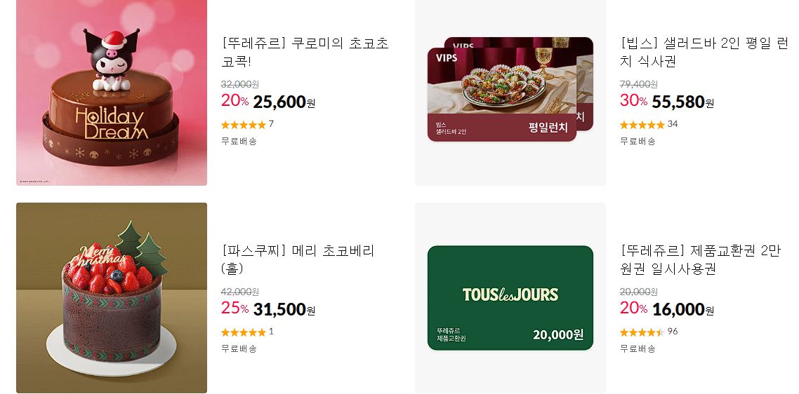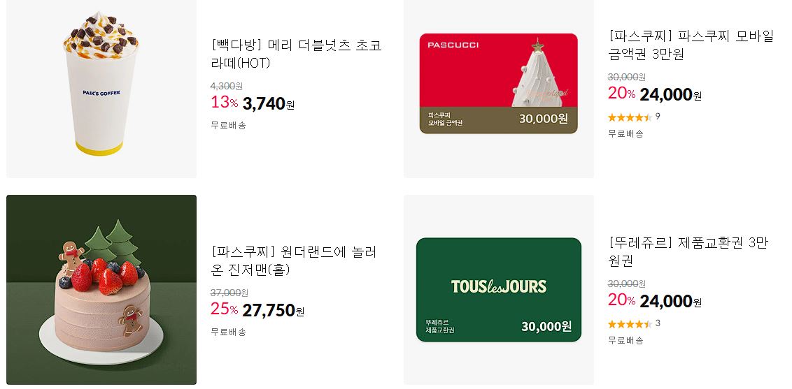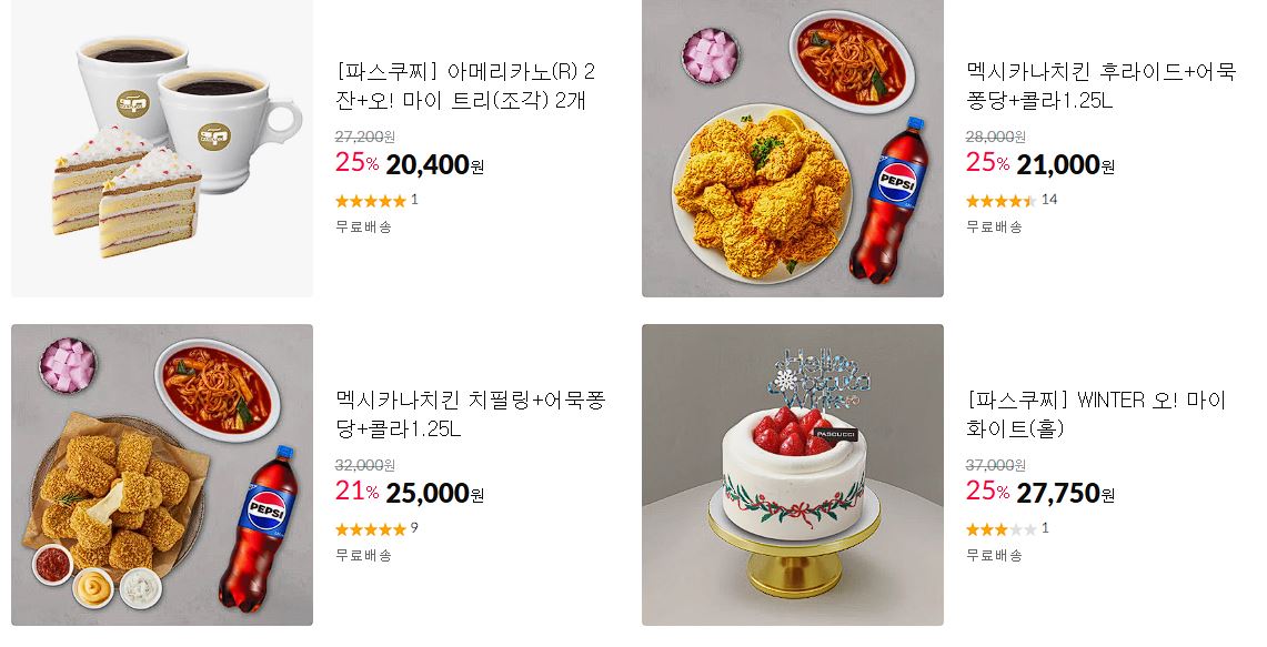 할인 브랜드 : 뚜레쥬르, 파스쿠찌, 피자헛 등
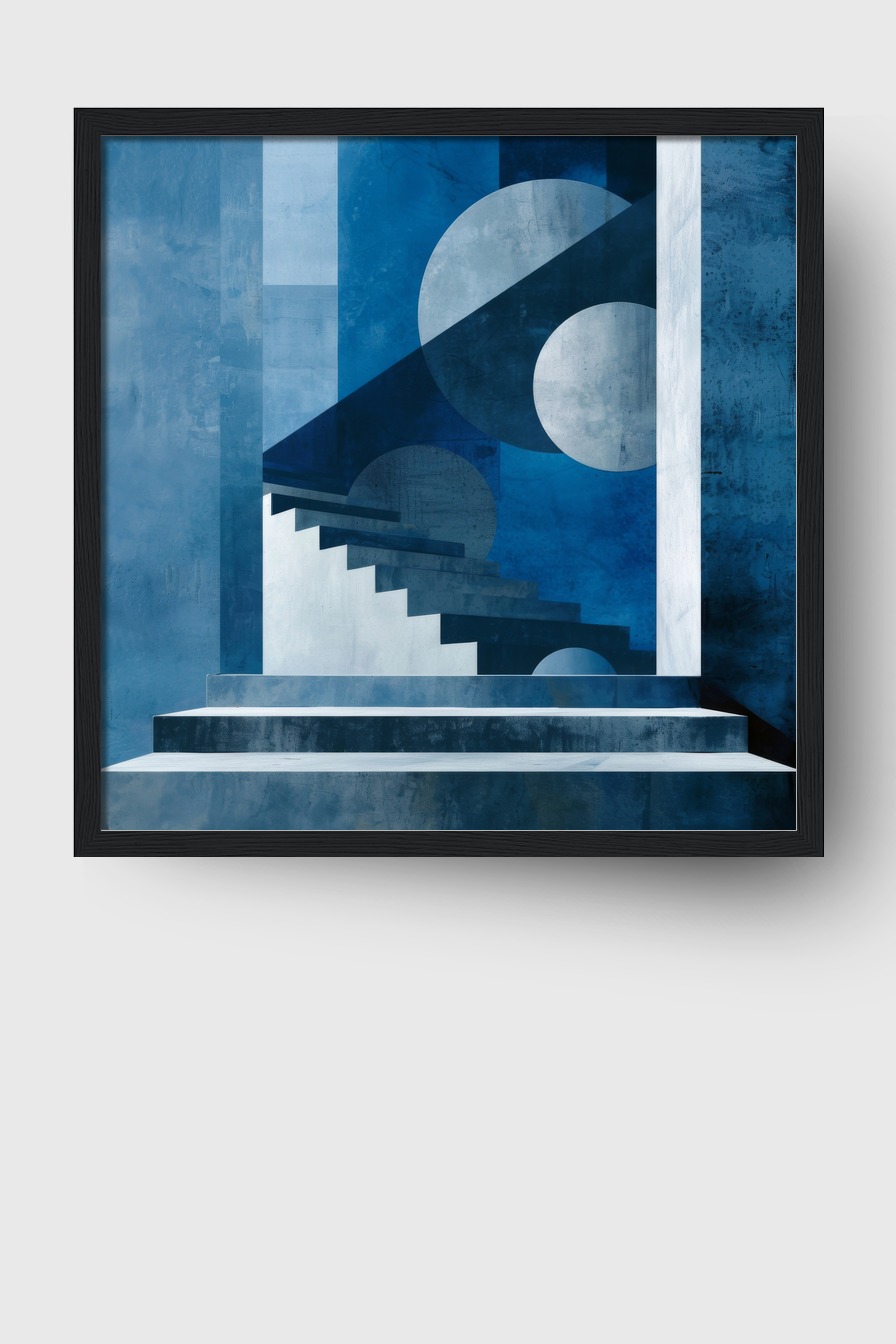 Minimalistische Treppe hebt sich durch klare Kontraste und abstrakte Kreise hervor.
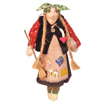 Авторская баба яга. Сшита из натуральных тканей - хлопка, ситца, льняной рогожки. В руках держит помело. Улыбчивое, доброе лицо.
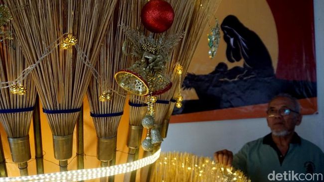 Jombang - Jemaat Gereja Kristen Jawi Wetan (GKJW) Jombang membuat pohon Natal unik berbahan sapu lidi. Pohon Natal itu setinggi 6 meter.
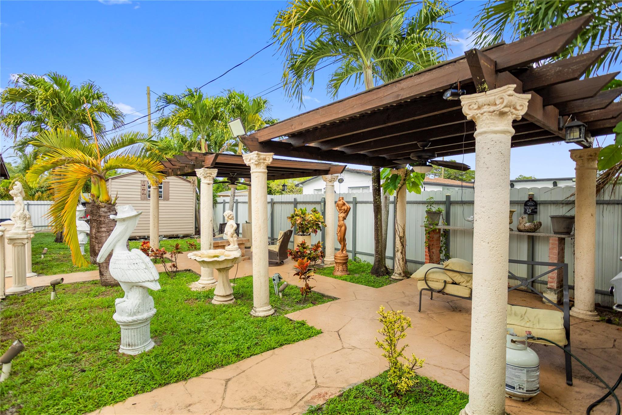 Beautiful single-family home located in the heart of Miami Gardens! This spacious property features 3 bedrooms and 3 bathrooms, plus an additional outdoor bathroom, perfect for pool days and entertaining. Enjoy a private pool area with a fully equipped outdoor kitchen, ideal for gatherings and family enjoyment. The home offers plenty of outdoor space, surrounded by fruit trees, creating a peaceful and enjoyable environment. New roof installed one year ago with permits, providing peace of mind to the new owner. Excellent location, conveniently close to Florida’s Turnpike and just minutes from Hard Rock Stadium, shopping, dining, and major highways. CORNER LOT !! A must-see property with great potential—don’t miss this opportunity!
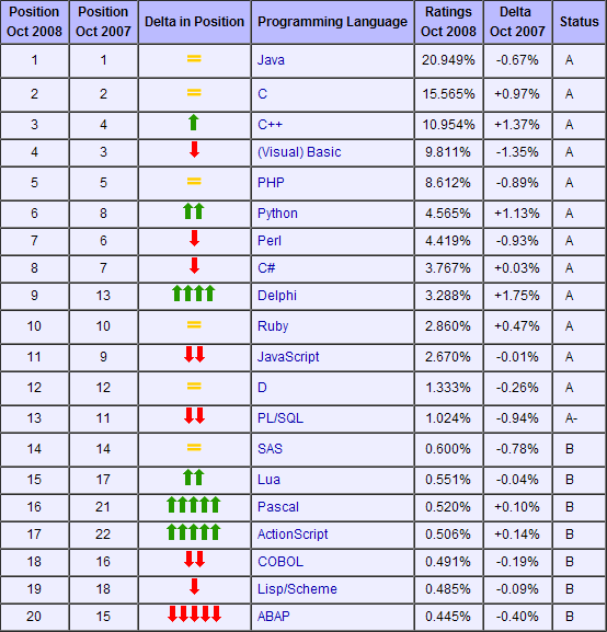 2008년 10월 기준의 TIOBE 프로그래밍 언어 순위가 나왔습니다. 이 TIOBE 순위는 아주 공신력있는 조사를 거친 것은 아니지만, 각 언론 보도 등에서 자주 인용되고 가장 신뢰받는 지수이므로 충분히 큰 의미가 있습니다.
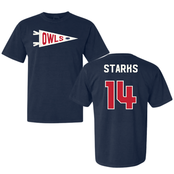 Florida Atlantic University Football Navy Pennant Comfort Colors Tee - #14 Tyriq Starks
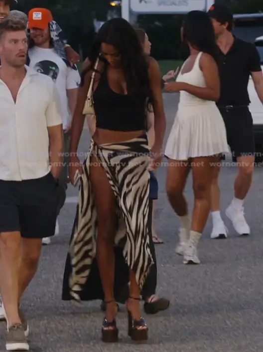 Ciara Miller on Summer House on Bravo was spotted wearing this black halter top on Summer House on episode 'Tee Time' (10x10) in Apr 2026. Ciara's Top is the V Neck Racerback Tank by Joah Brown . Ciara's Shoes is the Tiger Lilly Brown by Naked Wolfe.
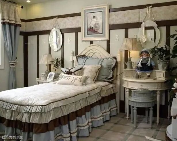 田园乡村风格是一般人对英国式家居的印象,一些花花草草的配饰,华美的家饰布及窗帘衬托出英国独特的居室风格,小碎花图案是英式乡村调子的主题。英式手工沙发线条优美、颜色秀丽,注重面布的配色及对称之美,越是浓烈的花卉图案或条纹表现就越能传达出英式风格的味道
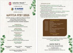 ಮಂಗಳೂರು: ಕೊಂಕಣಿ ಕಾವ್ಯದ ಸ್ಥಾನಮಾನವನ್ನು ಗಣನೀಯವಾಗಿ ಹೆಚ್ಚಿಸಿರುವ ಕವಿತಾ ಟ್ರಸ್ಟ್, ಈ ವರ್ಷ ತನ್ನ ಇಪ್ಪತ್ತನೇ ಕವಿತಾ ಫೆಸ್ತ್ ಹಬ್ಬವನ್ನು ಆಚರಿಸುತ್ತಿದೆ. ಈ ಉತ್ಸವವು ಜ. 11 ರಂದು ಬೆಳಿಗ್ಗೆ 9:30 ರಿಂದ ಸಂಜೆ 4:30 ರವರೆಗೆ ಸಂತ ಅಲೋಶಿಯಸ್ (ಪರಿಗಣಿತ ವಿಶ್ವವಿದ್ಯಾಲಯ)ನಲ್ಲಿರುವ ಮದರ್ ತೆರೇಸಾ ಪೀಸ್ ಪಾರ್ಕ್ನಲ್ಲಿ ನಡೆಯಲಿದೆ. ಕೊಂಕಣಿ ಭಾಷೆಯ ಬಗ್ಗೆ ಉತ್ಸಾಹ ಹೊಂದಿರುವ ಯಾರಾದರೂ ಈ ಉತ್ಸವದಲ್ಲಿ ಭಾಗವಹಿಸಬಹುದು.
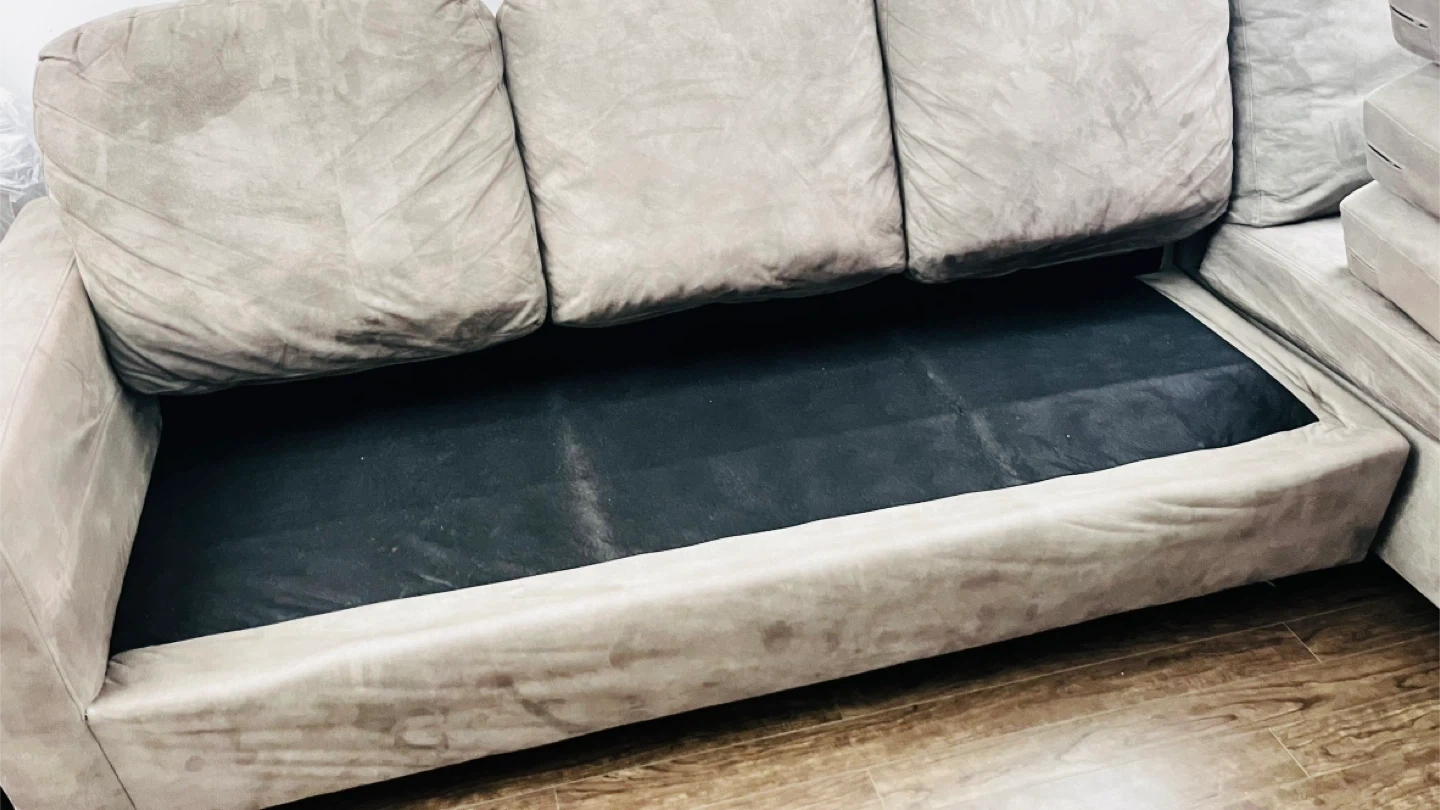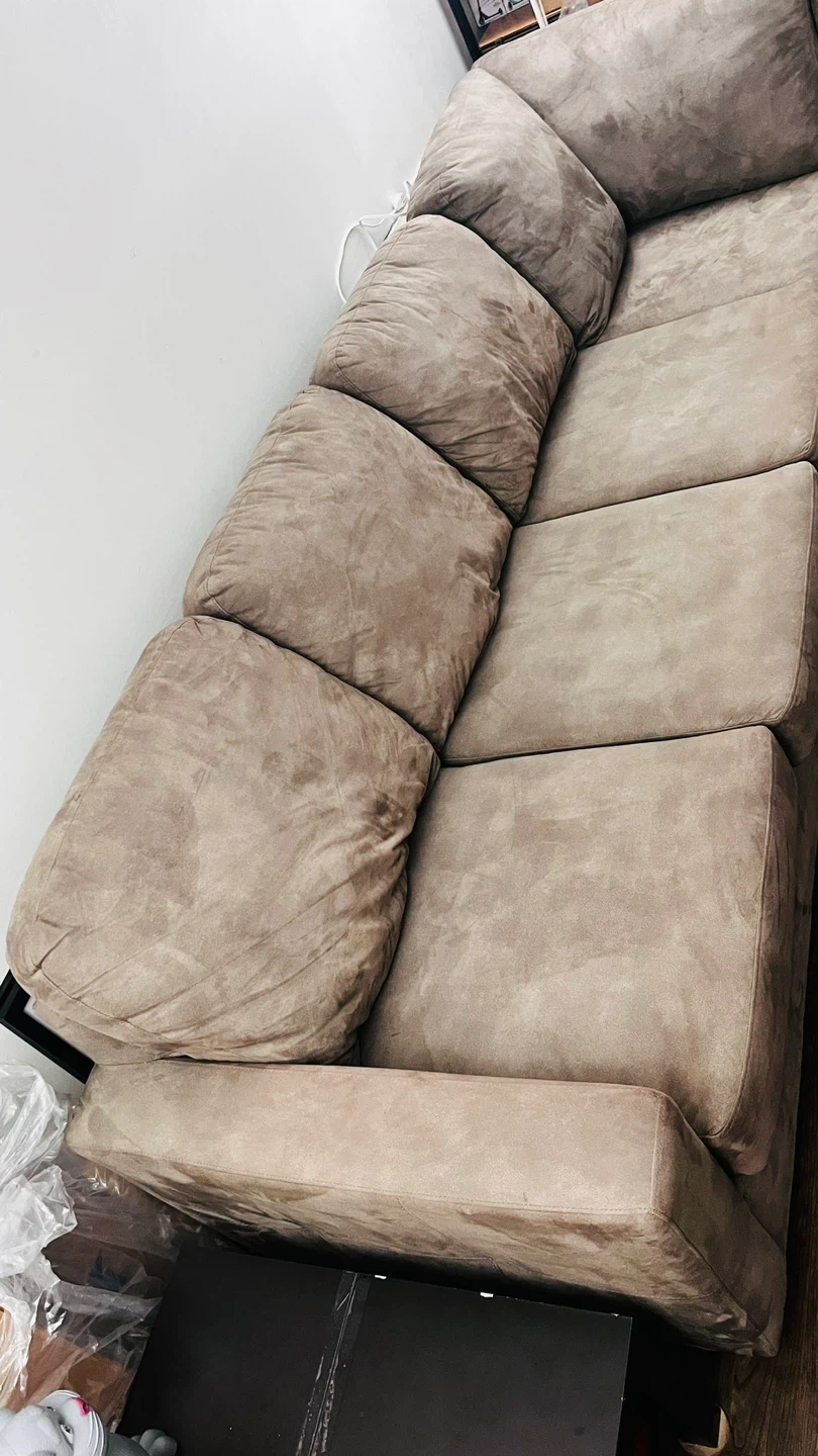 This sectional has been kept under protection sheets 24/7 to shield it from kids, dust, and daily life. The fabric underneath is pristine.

About this exercise ▸ Restate the lines of the records exactly, starting at the first and stopping after the line with "Авторская баба яга.". Leave out any picture.

Solution ▸
 할인 브랜드 : 뚜레쥬르, 파스쿠찌, 피자헛 등
 Minimalistische Treppe hebt sich durch klare Kontraste und abstrakte Kreise hervor.
 Авторская баба яга. Сшита из натуральных тканей - хлопка, ситца, льняной рогожки. В руках держит помело. Улыбчивое, доброе лицо.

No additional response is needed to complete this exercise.